Inflation will continue at an ever increasing rate (if action is not taken) even if it is not imported in the real figure and the effect will be to crush peoples wealth leading to civil unrest without insisting on the obvious corrective behaviour. The only boot camp element about it will be the increased fitness levels from being required to carry around currency in wheel barrows.

Again, its amazing how wrong people can be on a consistent basis. They can practically be used as a useful indicator when passed through a NOT logic gate.

Weapons Grade Bozocity (WGB)

Saturday, April 28, 2007 12:05PM Report Comment
 

2. This comment has been removed as it was found to be in breach of our Blog Policies.

 

3. Sold 2 Rent 1 said...

"the housing market will continue to be supported by Chinese"

Not true. The Chinese are heading at 100mph into a banking crisis. 1m new investors a week are borrowing to invest in their stock market bubble. See article beow.

Combine the chinese borrowing by individuals with the corporate investments that will turn bad in 2008/9 we have the makings of a huge train wreck.

Saturday, April 28, 2007 12:44PM Report Comment
 

4. royston said...

I am very concerned that we may go down precisely the same route in this country. There are clearly global imbalances: assets prices and house prices are too high. By comparison, the prices of consumables and wage inflation are too low. The imbalances can be fixed with a correction in either, i.e. a house price crash, OR price inflation in consumables and wages. Indeed, from a politician's point of view, a partial correction in each is probably the least destructive path. Brown's appointees to the MPC are all left leaning socialist economists, so it will be the "let the workers have their share" perspective from them. They won't particularly want to clamp down on wage inflation if they can avoid doing so. Similarly, conspiracy theories aside, their sympathies are probably with the young family struggling to pay the mortgage. So, they won't be too keen to up the interest rates on them either. The most attractive path for such sympathies would seem to be: 1) dampen housing demand, then 2) gently inflate (we don't want hyperinflation) to bring price levels back into line. I am now seriously questioning whether having my wealth mostly in cash is really a good idea after all.

Saturday, April 28, 2007 12:49PM Report Comment
 

5. sold 2 rent 1 said...

"the housing market will continue to be supported by Chinese"

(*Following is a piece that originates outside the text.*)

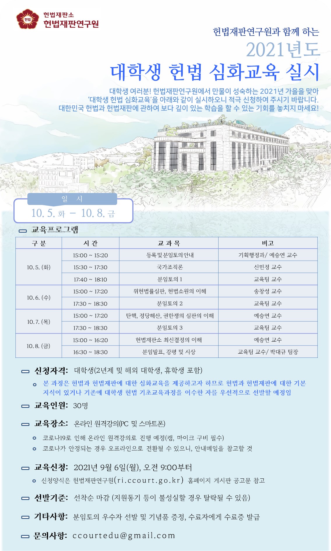 지난 봄학기에 대학생 헌법교육 심화과정을 개설한 바 있습니다.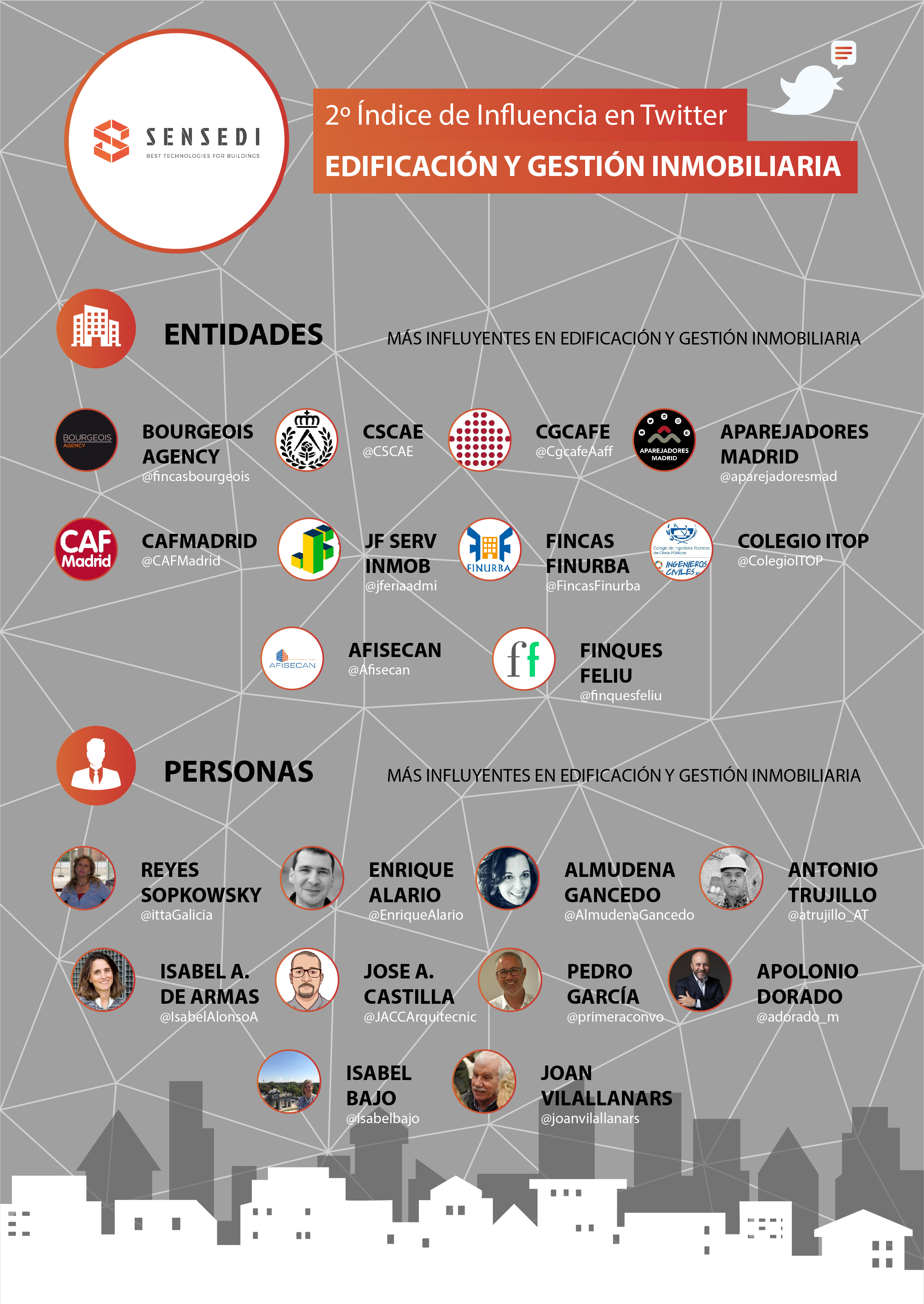 Tras un análisis de más de 70.000 conversaciones en Twitter durante el último año, Sensedi –compañía del Grupo Mutua de Propietarios- ha elaborado el II Índice de Influencia en Edificación y Gestión Inmobiliaria y ha desvelado cuáles son las cuentas más influyentes en temas de edificación y gestión inmobiliaria.

Not true going forward. The Chinese are heading at 100mph into a banking crisis. 1m new investors a week are borrowing to invest in their stock market bubble. See article below.

Combine the chinese borrowing by individuals with the corporate investments that will turn bad in 2008/9 and we have the makings of a huge train wreck.

China depends heavily of the US and europe to buy its goods. If these 2 areas slow dramatically then it will be hung out to dry.

China and the US depend heavily on each other. This relationship has worked until now but will it continue as both counties see harder times?

Saturday, April 28, 2007 12:53PM Report Comment
 

6. Smokehammer said...

asian times saying.... drop the $

Dont get into debt just now. Either way it could be very painful for a long time.

Saturday, April 28, 2007 02:34PM Report Comment
 

7. harold said...

"...and prefers inflation to recession."

Were it a simple choice between the two, then it is unlikely that any country would ever experience a recession. The US consumer has no more capacity to take on debt, no matter how much the Fed inflates the $ to erode the real value of that debt. When a consumer led economy stops consuming it goes into recession, this is now happening to the US and people are soon to feel the effects on the dole queues.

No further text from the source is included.